Running PIA via KNIME is not as comfortable as running the web interface, but has some advantages when you need to apply the same steps to a number of PIA compilations or want to run a once set up workflow again and again. The downside of this is, that you need to run KNIME and PIA on a desktop computer or workstation instead of a (more powerful) server.

PIA is tested to run with at least KNIME 3.1.0.

Setup

To run PIA in KNIME, the easiest way is to use the repository. Currently, the PIA nodes are in KNIME's trunk repository (http://update.knime.org/community-contributions/trunk).

To install PIA go to the "Install New Software" in the Help menu.
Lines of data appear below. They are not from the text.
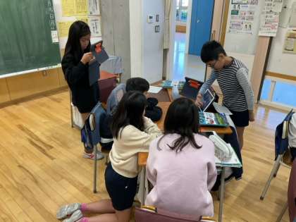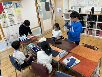 社会科の時間です。日本の工業について学習を進めてきました。発表会を行っています。
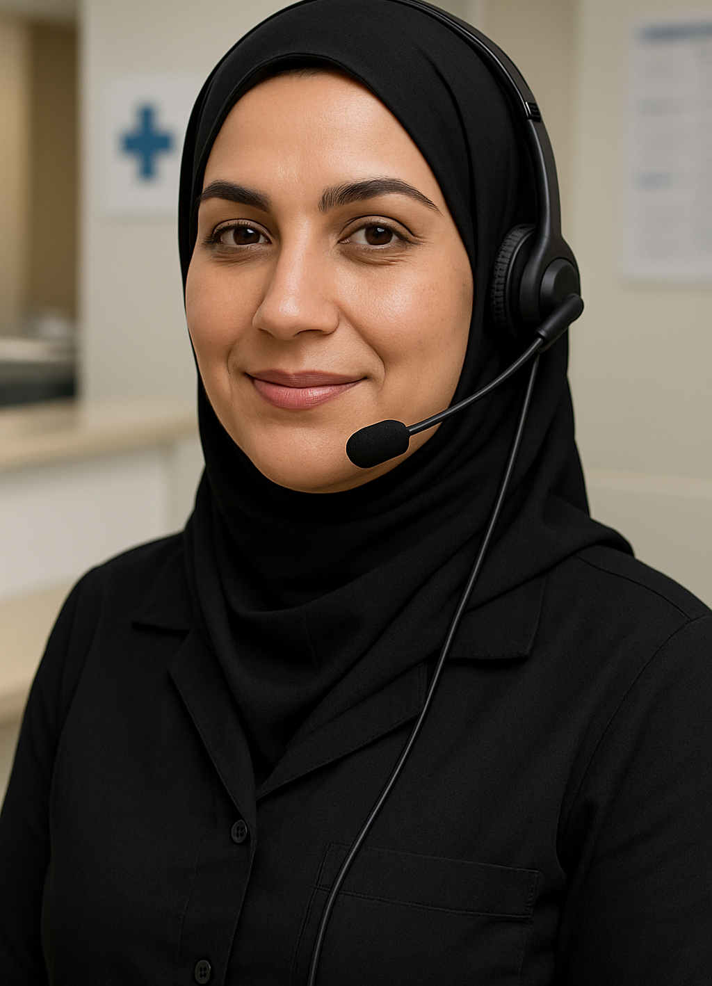 Friendly dental clinic receptionist managing appointments and patient inquiries
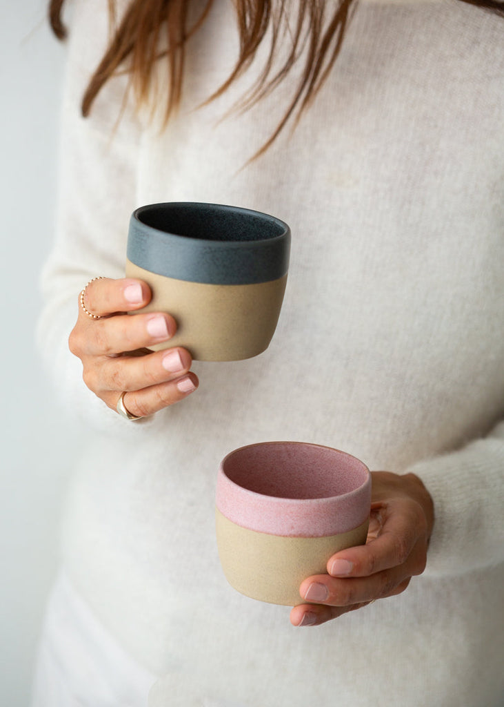 Made in Portugal sustainably crafted from recycled clay stoneware dishwasher proof smooth matte speckled glaze on the cup interior and part of the exterior remaining part of the exterior unglazed H 6.6cm D 8.7cm 0.20L Available in 3 colours: Blush Pink, Ivory and Charcoal.

Click on the "available software sites" (directly below the "Add..." button) and then the "Add..." button in the "Available Software Sites" window. Give the repository a name like "KNIME trunk" and use the URL http://update.knime.org/community-contributions/trunk. When everything is entered, click on ok and double check, that the just created repository is enabled (checked). Click Ok in the "Available Software Sites" window and select the trunk repository (or alternatively select "All available sites") in the select box. the PIA nodes can be found in the "Bioinformatics & NGS" group or simply by searching for it. Select it, click next, accept the license and restart KNIME after the installation is finished.
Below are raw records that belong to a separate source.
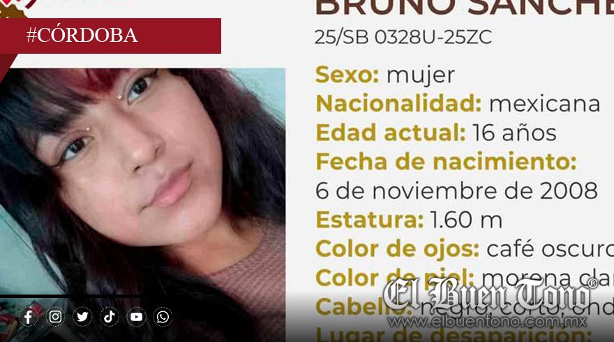 Córdoba.- La Comisión Estatal de Búsqueda emitió un boletín de emergencia, por la desaparición de la adolescente Azucena Bruno Sánchez, de 16 años, quien fue vista por última vez el pasado 4 de marzo en Córdoba.
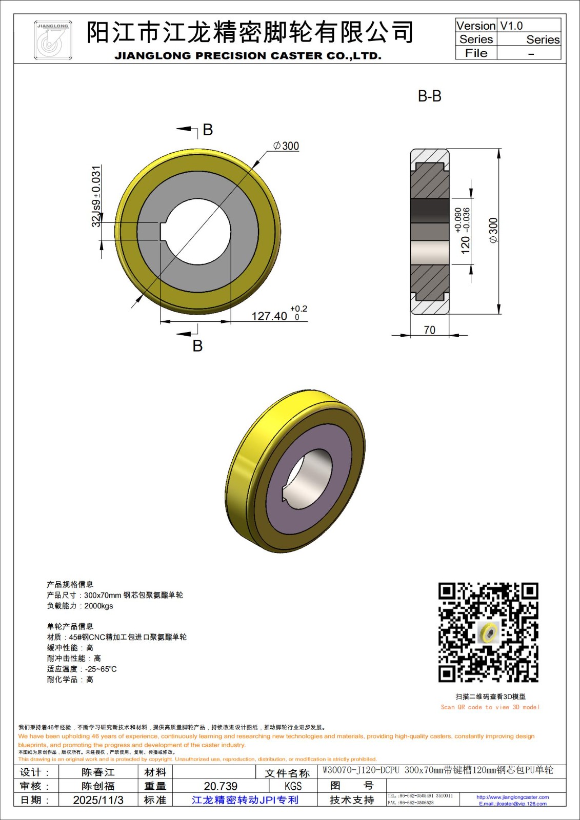 W30070-J120-DCPU 300x70mm带键槽120mm钢芯包PU单轮
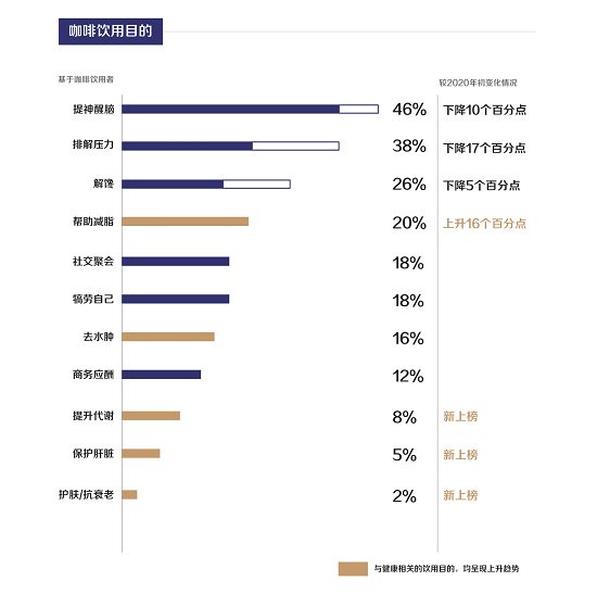 · 提神醒脑、排解压力依然是用户购买咖啡的主要原因;帮助减脂、提升代谢、保护肝脏等咖啡健康功能开始得到国内消费者关注,成为咖啡消费的新驱动因素。
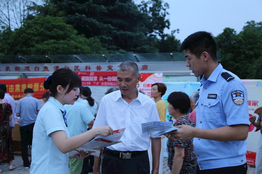 7月8日,由浙江省湖州市吳興區(qū)掃黑辦、區(qū)公安分局聯(lián)合市郵政分公司開展的掃黑除惡進(jìn)村入社暨防詐騙熱線宣傳活動在龍泉街道白魚潭社區(qū)啟動。該活動通過現(xiàn)場宣傳和文藝表演的方式向廣大社區(qū)居民宣講掃黑除惡知識,解答防詐騙熱線的功能和作用。活動中,快板說唱、舞蹈、有獎問答等寓教于樂的節(jié)目受到群眾的熱烈歡迎。
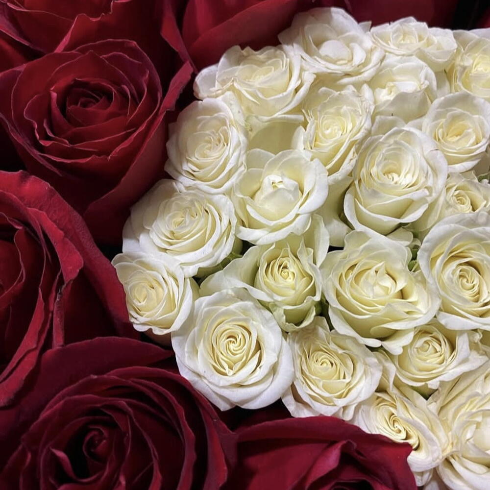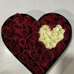 kırmızı gül - 29 pcs beyaz mini gül - 5 pcs heart-shaped box - 1 pcs oasis floristic - 2 pcs
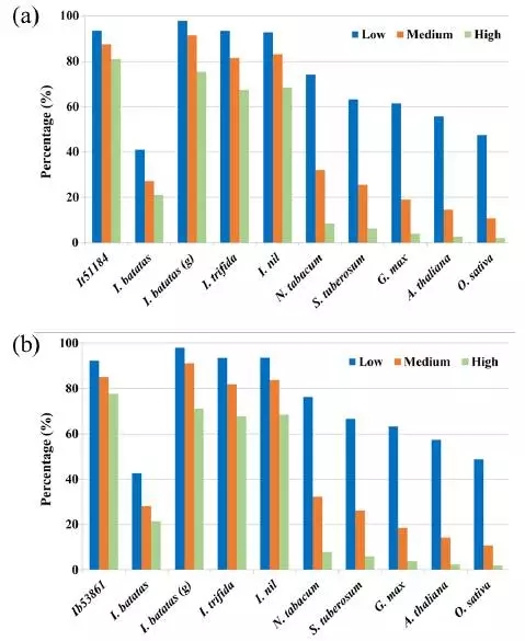 為了評估甘薯、野生甘薯的轉(zhuǎn)錄本和其他植物基因的相似性,我們比較了甘薯、野生甘薯與其他植物的開源CDS數(shù)據(jù)庫,包括紅苔藤、野生甘薯、牽?;?、煙草、馬鈴薯、大豆、擬南芥和水稻。結(jié)果表明甘薯和野生甘薯大多數(shù)的轉(zhuǎn)錄本都是同源的,說明這兩個物種擁有一個大致相同的基因庫。觀察高比例的轉(zhuǎn)錄本發(fā)現(xiàn),盡管這些物種中的大量基因在進(jìn)化過程中存在著巨大的差異,但仍然共有一些短的motif,說明這些基因在進(jìn)化上顯示出高度的保守性。

If all went well, you will see the PIA octopus on the splash screen of KNIME and you will find the PIA nodes under "Community Nodes".

Compiling search results into a PIA-XML file

To compile search results into a PIA-XML file, simply use the PIACompiler node (found in PIA/general). If your searches are already done, the node needs a GenericKnimeNodes/IO InputFile(s) for input and either a OutputFile or OutputFolder as shown in the picture below, or direct pipelining into another node.
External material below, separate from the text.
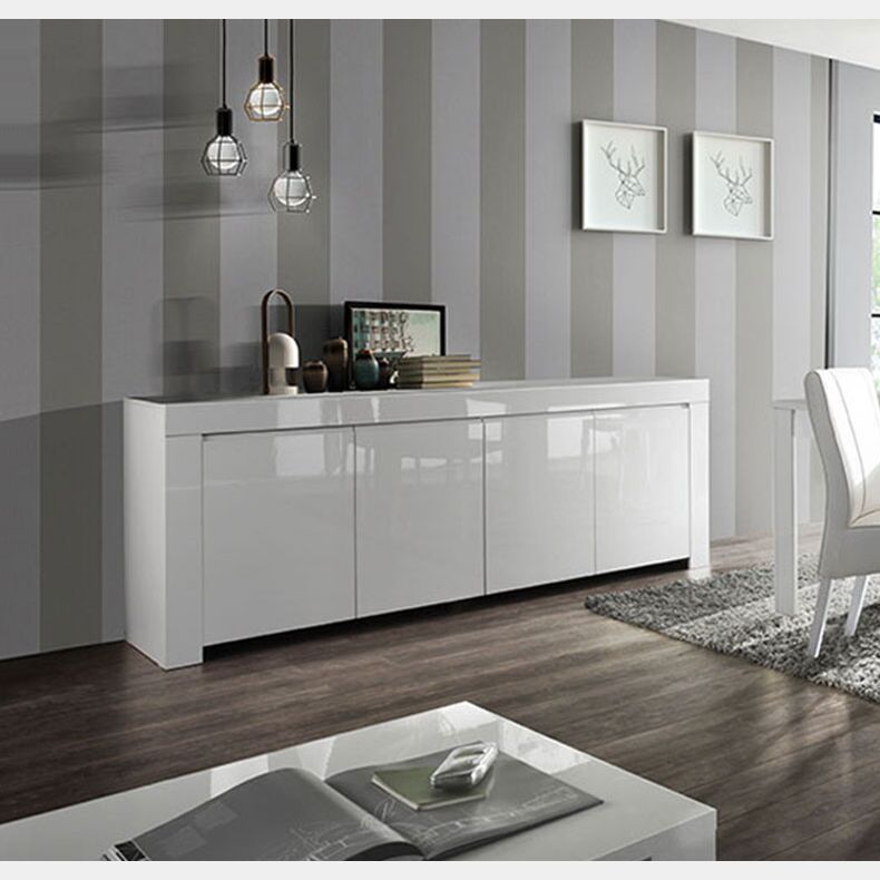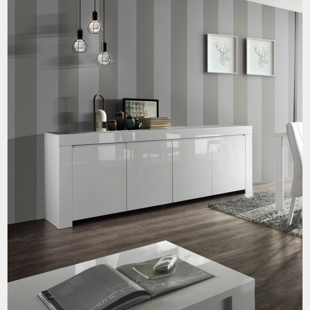 Credenza Moderna, Madia di Design, 4 ante, colore Bianco Lucido

Be aware that this node could need a high amount of RAM, depending on the input files. Set the vmsettings param accordingly!

PIACompiler with files from prior searches

You can also connect the output of searches performed by OpenMS. For this use the output of PeptideIndexer nodes as the input to the PIACompiler node. The following picture shows such a workflow, performing an X!Tandem and a Mascot search and combining the results into one PIA-XML file.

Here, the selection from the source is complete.